Now this is something avoided by some writers and ignored by others as journalists do their daily chitchat about who is going to be signed by a club. Player X might well be a superb player in a particular position, and exactly what a prospective buying club needs – but the question is still, will he fit in with the players around him? After all Odegaard’s perfect passes would be meaningless if Arsenal didn’t have someone to receive them and turn them into goals. Both players need the right personality and ability to work together.
Such problems can be multiple, and it is quite possible that Enzo Maresca has just left Chelsea exactly because of issues like this. Somewhere within the ranks of players and administrators at Chelsea there almost certainly was a clash, which the manager felt he wasn’t likely to win.
Maresca moved from manager of the month to the man who had to leave the club before he was sacked in a very short time, suggesting there were broader issues. What he got by way of compensation is a matter between the manager, the owner and Inland Revenue, but I suspect there was something, and it will count as part of the transfer and salary payments, which are limited by Uefa.
Chelsea announced they wanted to get the season “back on track” – but so does every club that has only won two of their last nine games in the major competitions. But it does follow on Chelsea’s approach to players, buying, selling and loaning men at a faster pace than any other PL club.
But the problem with managers, as Tottenham have also found, is that endlessly changing the top man doesn’t work. Arsenal sacked Emery because of the fiasco over his transfer dealings, but held on the Arteta even when the club had two 8th place finishes in the league, followed by a 5th. Arsenal believed in the longer term which is the difference between Arsenal and Chelsea.

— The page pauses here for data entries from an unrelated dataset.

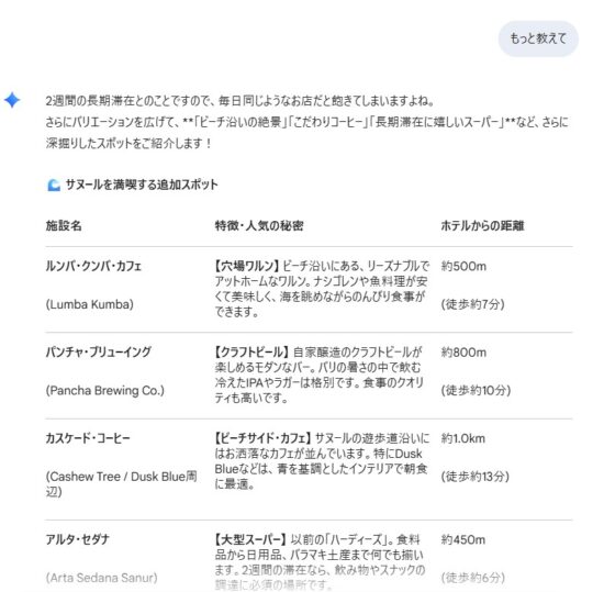 最初のリストで満足せず「もっと教えて」と送ると、今度はビーチ沿いの絶景・こだわりコーヒー・長期滞在に嬉しいスーパーなど、別角度の情報が追加で出てきました。
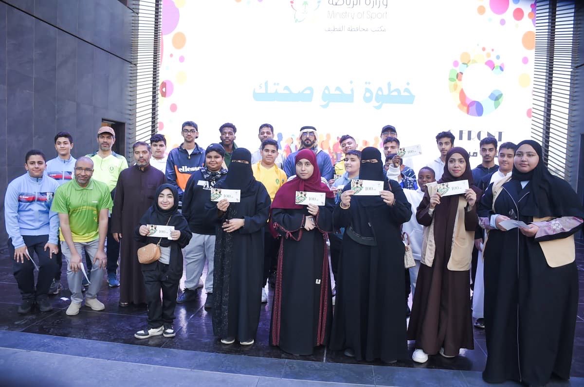شارك 500 شخص من مختلف الفئات العمرية في فعالية ”خطوة نحو صحتك“ التي نظمها فريق منارات مشرقة بالتعاون مع وزارة الرياضة في مجمع سي فرونت بالقطيف، يوم الجمعة.
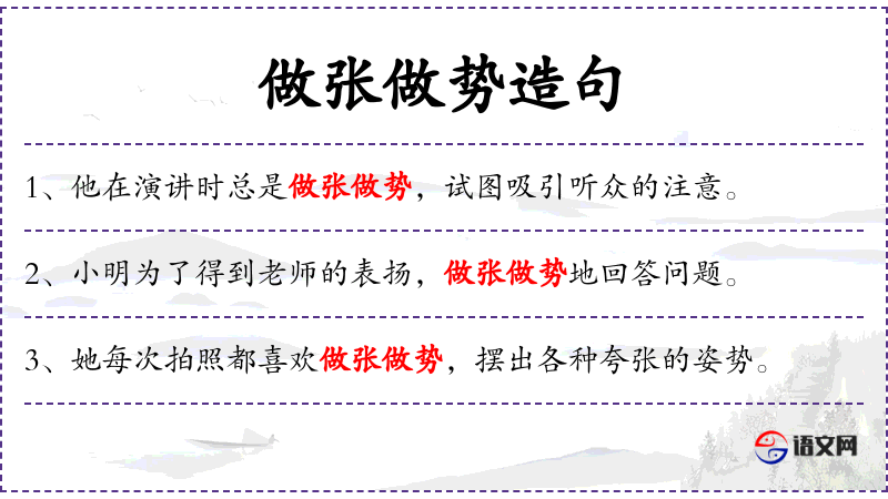 - 做张做势:成语,形容故意装模作样,夸张表现。
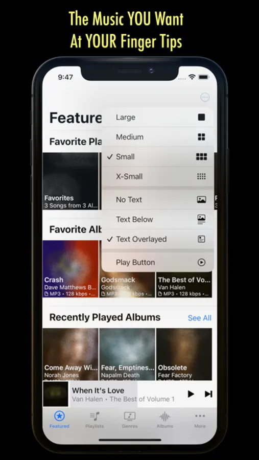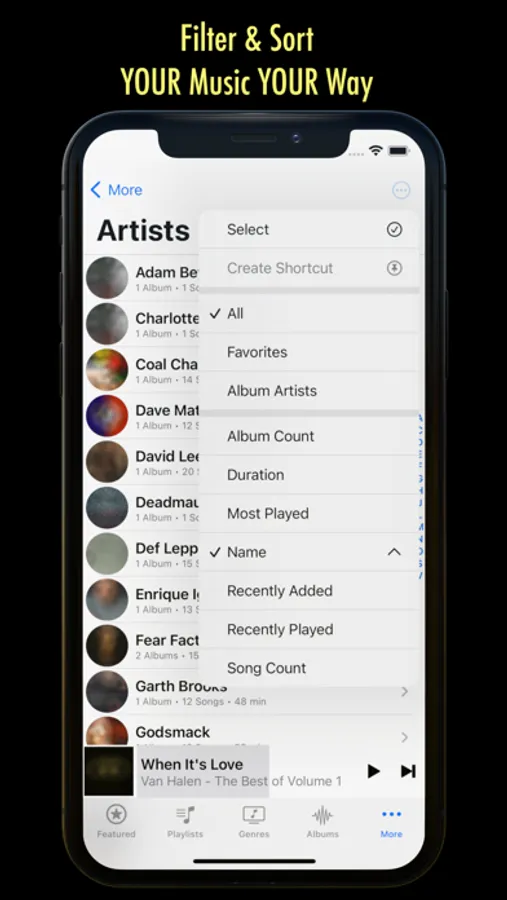 - Custom Shortcut Tabs - fast access to your music your way and even mirrored into CarPlay - make the app work how you want it to work

Chelsea won the Club World Cup and the Europa Conference League, but these trophies were gained at a huge transfer cost and with a constant movement of players. They now need to find another manager who will agree to more of the same – an approach that is indeed the very opposite of Arsenal’s, and one that is going to be difficult to use in the task of closing the 15 point gap behind Arsenal.
Chelsea’s problem is thus the opposite of Bournemouth’s – one has a surfeit of money, one doesn’t, but the difficulty is the same for both of them. How to convince players to come to a club and believe in what the club is doing is tougher than it souneds.

Money talks , all young players Chelsea have signed would have had an increase in there salary once joining , some on 8 year contracts . Look what happened to the Ukrainian winger we were after , money the deciding factor .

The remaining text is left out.